FODMAPs & me

You may say, what the heck  are FODMAPs?  And I would tell you ALL about FODMAPs, in fact, I would tell you more than you may want to hear.  You see, FODMAPs are a group of carbohydrates and fibers found in many common healthy foods such as watermelon, onions, garlic, wheat, apples and pears to name a few foods and FODMAPs are not tolerated by many people with a sensitive gastrointestinal tract.  FODMAPs is an acronym for fermentable oligo-, di-, mono-saccharides and polyols. (Is that too much information?)

I am fascinated with FODMAPs.  I have learned so much about these troublesome sugars and fibers but always want to learn more.  Why you may ask?  Seventeen years ago, while pregnant, I had a healthcare complication that required two-thirds of my small intestine to be removed to save my life and the life of my growing baby boy.  As you can imagine, my life and my gastrointestinal tract has never been the same!  The silver lining of this horrendous surgery was that I am a registered dietitian and I was fortunate to know what, when and how much to eat to make my body heal and feel its best.

After my surgery, my interest in digestive health grew and  I stumbled upon some very compelling research out of Australia.  A group of researchers from Monash University near Melbourne, Australia, had developed a novel diet which they coined the  “FODMAPs” approach.  They determined that certain sugars and fibers cause uncomfortable symptoms such as gas, bloating, diarrhea for many individuals who have a very common condition called irritable bowel syndrome. (IBS).  Since I have learned about this diet approach to help manage IBS, I have in turn helped countless clients feel so much better!  It’s been truly amazing.

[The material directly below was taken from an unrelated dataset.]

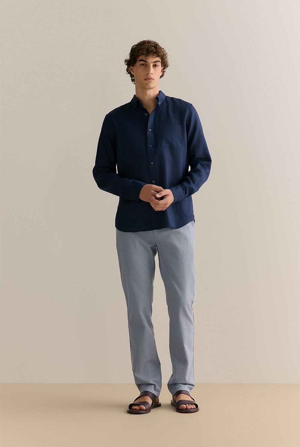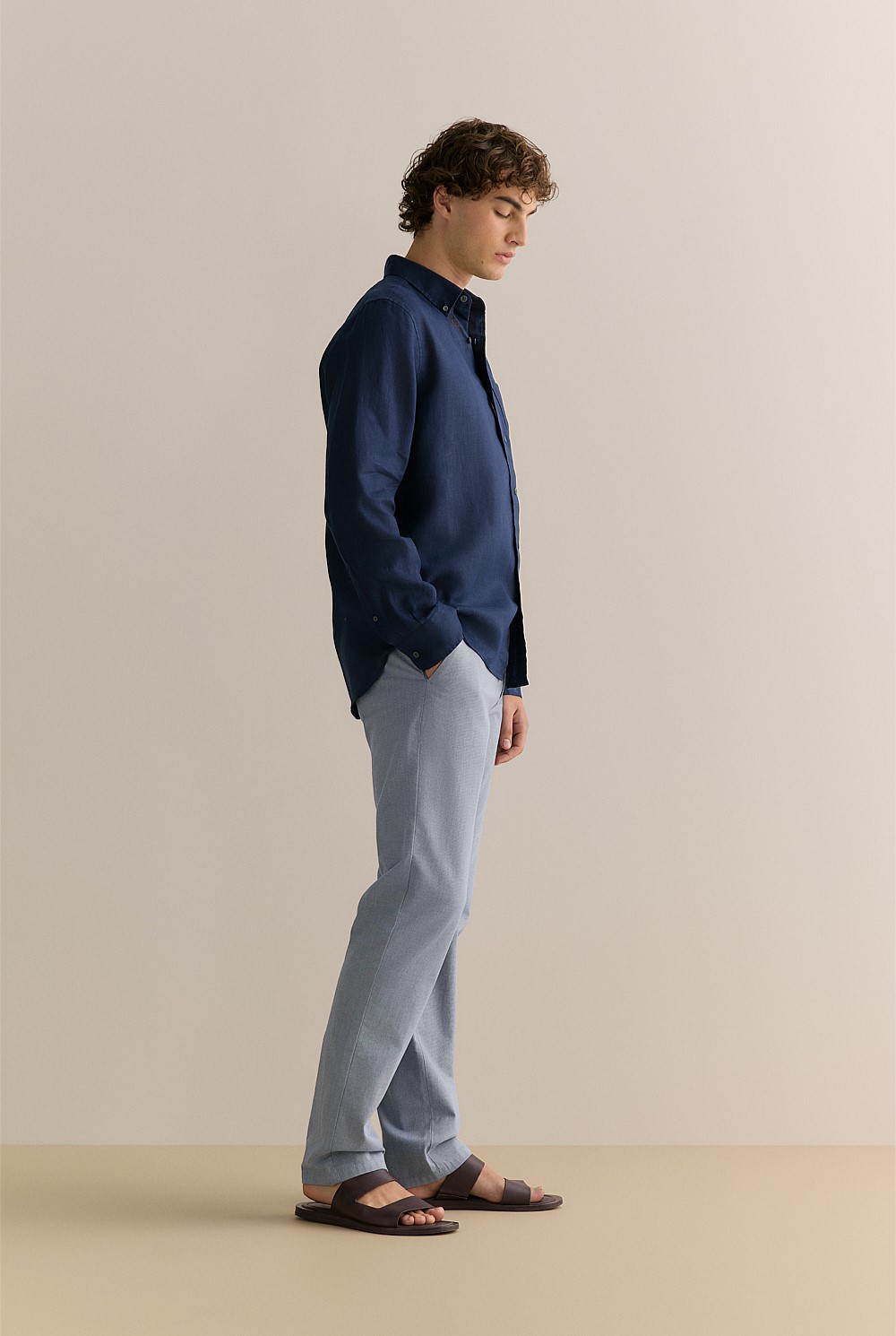 Our casual chino is crafted from breathable cotton dobby with light stretch. The yarn is dyed before weaving for a textured finish and premium feel.

Next month, in just about a week, on September 2, the Monash University researchers are presenting a conference for dietitians. I am beyond thrilled because I will be one of the dietitians in the audience! Yes, I am heading to Australia to learn the LATEST research!  Because the diet is a bit complex and the research and food analysis is tedious and ongoing, I am sure the researchers will presents some new and exciting information.  For more info on FODMAPs-check out my FODMAPs tab on this blog which contains grocery shopping lists, check lists, menu planning, digestive health articles and more! My book ,The Complete Idiot’s Guide to Eating Well with IBS provides an introduction to FODMAPs and many FODMAP-friendly recipes.

So Mates, I am off to Australia!   Catch up soon.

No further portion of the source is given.